The values for dairy cows (A) are based on 13,565 animals across 50 farms. On average, each farm issued 204 drug prescriptions in 2020. In total, substances from 26 out of 29 substance groups were employed in dairy farms, amounting to a total quantity of 957.23 kg. Electrolytes possessed the highest quantitative importance at 426.52 kg, followed by carbohydrates at 336.59 kg. Subsequently, antibiotics (89.71 kg), anti-inflammatory drugs (64.84 kg), and bismuth (22.25 kg), utilized for teat sealing, are of note. Antiparasitics and hormones were administered at 4.46 kg and 0.08 kg of active substance, respectively.

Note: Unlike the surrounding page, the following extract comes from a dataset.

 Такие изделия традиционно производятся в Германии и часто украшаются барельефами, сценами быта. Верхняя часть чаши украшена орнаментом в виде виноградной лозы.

For cattle fattening (B), the values were derived from 15 farms managing a total of 5,765 animals, partly through extensive cow-calf operations on pasture and partly through intensive bull or calf fattening in barns. On average, each farm issued 70 drug prescriptions in 2020. Among the 18 utilized active substance groups in cattle fattening, totaling 389.74 kg, antibiotics with 313.08 kg and anti-inflammatory drugs with 72.32 kg were the most common. Other substance groups, such as antiparasitics (0.58 kg), electrolytes (0.50 kg), and anesthetics (0.28 kg), occurred only in minimal quantities.

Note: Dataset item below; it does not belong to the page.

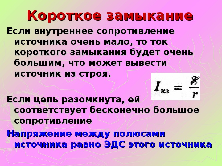 Но при коротком замыкании сила тока в цепи определяется именно внутренним сопротивлением источника и может при электродвижущей силе в несколько вольт быть очень большой, если мало (например, у аккумулятора Ом).

For piglet production (C), the pharmaceutical data were sourced from 16 farms, typically involved in breeding sows and raising the piglets they give birth to until they reach a weight of approximately 30 kg. The pharmaceutical data were derived from 31.615,5 animals. On average, each farm issued 198 drug prescriptions in 2020. Of the 18 active substance groups utilized, totaling 393.78 kg, antibiotics (255.69 kg) and anti-inflammatory drugs (78.51 kg) occupied a central position, similar to cattle fattening farms. Electrolytes (42.82 kg), antiparasitics (10.81 kg), anesthetics with 3.02 kg, and hormones with 0.55 kg were also used in substantial quantities.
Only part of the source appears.